4.5. Comparison of Emotion Classification Performance on Single-Label Datasets
To examine the performance of the LMT-CNN model on the emotion classification task, we conducted comparative experiments using deep-learning-based TextCNN, MT-CNN, and LMT-CNN emotion distribution learning models on seven single-label datasets. Note that the LLE label enhancement method [
12] was used to transform the single-label dataset into the emotion distribution dataset.
When the classification task is multi-category, the performance of the classification model can be evaluated by comparing the scores of the classification indicators for each individual category. If using the arithmetic mean of all categories on different indicators as a criterion for evaluating the model, in the case of data imbalance, the categories with fewer data will affect the scores of the indicators more. For example, the
Precision indicator may score relatively high on categories with small sample sizes. This improves the average of
Precision indicators on the overall data to some extent, while in reality, not so many samples are correctly classified. Therefore, we compared the performance of the three CNN-based EDL models on each emotion label. The detailed comparative experimental results for each individual emotion category are shown in
Table 6, where the last column shows the macro averaged score of the corresponding indicators. The optimal results of each indicator are marked in bold.
As can be seen from
Table 6, LMT-CNN achieves the overall best results on all seven datasets. Taking the macro averaged
F1-score as an example, on the Fairy Tales, TEC, CBET, ISEAR, and Affect in Tweets datasets, the macro averaged F1 value of the LMT-CNN model is 0.40%, 1.32%, 0.91%, 2.17%, and 3.36% higher than that of the MT-CNN model and 0.64%, 2.37%, 1.88%, 3.54%, and 4.78% higher than that of TextCNN. Comparing the performance of LMT-CNN and the baseline model on each emotion, we can see that our model gives better results on almost all emotions. Moreover, the classification of Anger, Sadness and Fear emotions is more challenging, and the performance in all models is relatively low. For example, in the experimental results of Chinese datasets NLP&CC 2013 and NLP&CC 2014, the scores of
Recall and
F1-score on the three emotion labels Anger, Sadness, and Fear were relatively low, while the classification on the two labels Joy and Surprise achieved better results.

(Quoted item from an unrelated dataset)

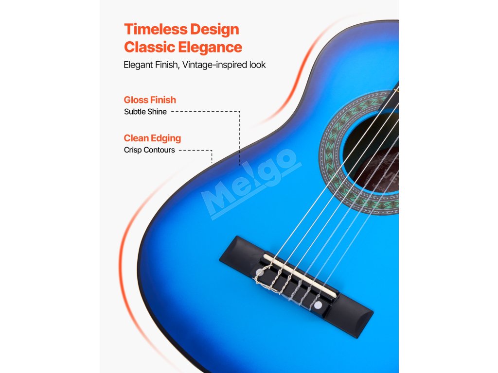 Táto klasická gitara je určená pre začiatočníkov a mladých hudobníkov a kombinuje ručne vyrobenú kvalitu s praktickými funkciami. Vďaka zadnej strane z masívneho dreva, nylonovým strunám a ladičke je hranie a ladenie hračkou. S gig bagom a ďalšími doplnkami obsahuje táto súprava všetko, čo potrebujete na začiatok svojej hudobnej cesty.

Compared to the two baseline methods, LMT-CNN shows different degrees of performance score improvement on different datasets. Overall, on all seven datasets, the LMT-CNN method almost always scored higher than the baseline method being compared for the classification indicators in each class. This shows that the classification performance is improved more effectively by combining the emotion knowledge module with semantic connotations for the same input text features. Adding the consideration of prior knowledge of affective words clearly helps in emotion recognition, and our particular method learns more information in the sentence while considering the information of affective words.
In addition, consistent with the experimental results of Zhang et al. [
15], the MT-CNN model scored higher than the TextCNN model on each evaluation indicator in the experiments on the seven datasets. This result shows that the performance of the multi-task neural network is significantly better than that of the traditional single-task networks in the emotion classification task. MT-CNN and LMT-CNN use the combination of cross-entropy loss and KL loss to train multi-task neural networks. In the training process, emotion distribution prediction and emotion classification tasks improve each other and can achieve better performance than single-task CNN.